104 emekli amiralin tartışması sürüyor! Hakan Bayrakçı ile Mücahit Birinci canlı yayında birbirine girdi

104 emekli amiralin tartışması sürüyor! Hakan Bayrakçı ile Mücahit Birinci canlı yayında birbirine girdi

TV 100 ekranlarında yayımlanan Şimdi Konuşalım'a katılan SONAR Araştırma'nın sahibi Hakan Bayrakçı ve AKP'li Mücahit Birinci arasındaki "104 emekli amiral" tartışması kavgaya dönüştü.

TV 100 ekranlarında yayımlanan Şimdi Konuşalım'a katılan SONAR Araştırma'nın sahibi Hakan Bayrakçı ve AKP'li Mücahit Birinci arasındaki "104 emekli amiral" tartışmasında gergin anlar yaşandı.

Hakan Bayrakçı'nın Ayasofya İmamı Mehmet Boynukalın ile ilgili söylediği sözleri eleştiren AKP'li Abdurrahman Uzun "Siz o imam diyemezsiniz, saygısızca konuşamazsınız" tepkisinde bulundu. Uzun'a cevap veren Bayrakçı ise "Siz de amirallere ahlaksız şerefsiz dediniz" dedi. 

Bunun üzerine söze giren Birinci "Kurnazlık yapma beni kriminalize edemezsin. Kendi beyanlarınızla ilgilenin, beni kriminalize edemezsin" diyerek masaya vurdu.

Sinirlenen Hakan Bayrakçı çok sert bir şekilde masya vurarak ayağa kalktı. Stüdyoda yükselen tansiyon uzun bir süre düşmedi.

İŞTE O GÖRÜNTÜLER:

NE OLMUŞTU?

104 emekli amiral, TBMM Başkanı Mustafa Şentop'un Montrö Boğazlar Sözleşmesi ile ilgili sözleri sonrası başlayan tartışmalara ve Deniz İkmal Komutanı Tuğamiral Mehmet Sarı’nın "takke ve cübbe" giydiği bir fotoğrafının basına yansımasına ilişkin ortak bir bildiri yayımladı.

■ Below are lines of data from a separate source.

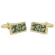Cufflinks shown in a gold-plated finish in a lovely green tone botanical print.
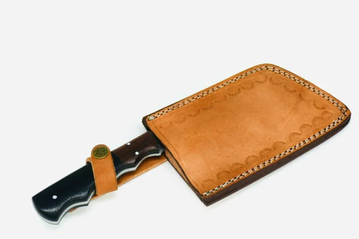 - Sheath & Accessories: Solid cowhide leather sheath, lanyard, and leather handle cover included
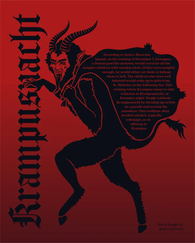 December 5 is Krampusnacht in Austro-Bavarian culture, but Americans have been digging the Christmas antithesis for a few years. To celebrate the big day, Halloween Every Night artist Jennifer LaTorracca put together the following graphic.
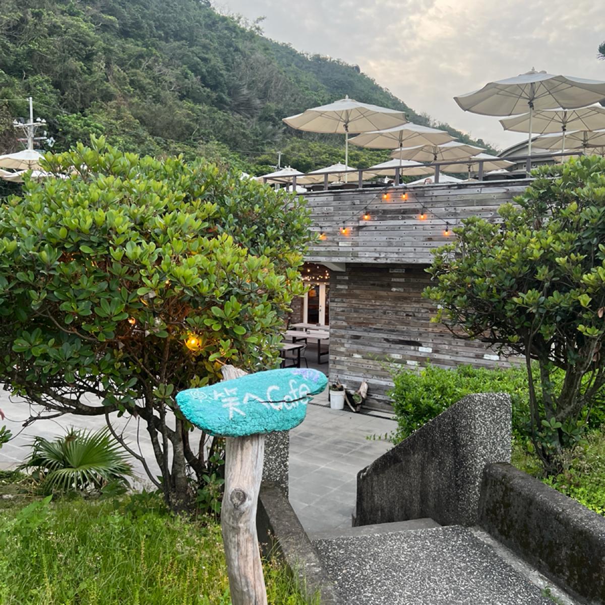 這家店藏在南方澳內埤海灘旁邊,前身是海巡哨所,改裝後變成海景咖啡廳,有點像山裡版本的空ㄟ農場。整間是木造建築,坐露天區可以直接看海,黃昏的時候燈串亮起來,蠻美的。

Açıklamada Tuğamiral Mehmet Sarı'nın görüntülerine atıfta bulunulularak şunlar kaydedildi:

Son günlerde basında ve sosyal medyada yer alan kabul edilemez nitelikteki bazı görüntüler, haber ve tartışmalar ömrünü bu mesleğe adamış bizler için çok derin bir üzüntü kaynağı olmuştur. TSK ve özellikle Deniz Kuvvetlerimiz son yıllarda; çok bilinçli bir FETÖ saldırısı yaşamış ve çok değerli kadrolarını bu hain kumpaslara kurban vermiştir. Bu kumpaslardan çıkarılacak en önemli ders; TSK’nin, anayasanın değişmez, değiştirilmesi teklif edilemez temel değerlerini titizlikle sürdürmesi zaruretidir. Bu gerekçelerle, TSK ve Deniz Kuvvetlerimizi bu değerlerin dışına çıkmış, Atatürk'ün çizdiği çağdaş rotadan uzaklaşmış gösterme çabalarını kınıyor ve tüm varlığımızla karşı çıkıyoruz. Aksi halde, Türkiye Cumhuriyeti, tarihte örnekleri olan, bunalımlı ve bekası için en tehlikeli olayları yaşama risk ve tehdidi ile karşılaşabilecektir.

Açıklamada ayrıca Montrö'nün Türkiye’nin haklarını en iyi şekilde koruyan bir anlaşma olduğu vurgulanarak, "Montrö; sadece Türk Boğazlarından geçişi düzenleyen bir sözleşme değil, Türkiye’ye İstanbul, Çanakkale, Marmara Denizi ve Boğazlardaki tam egemenlik haklarını geri kazandıran, Lozan Barış Antlaşmasını tamamlayan büyük bir diplomasi zaferidir" denildi.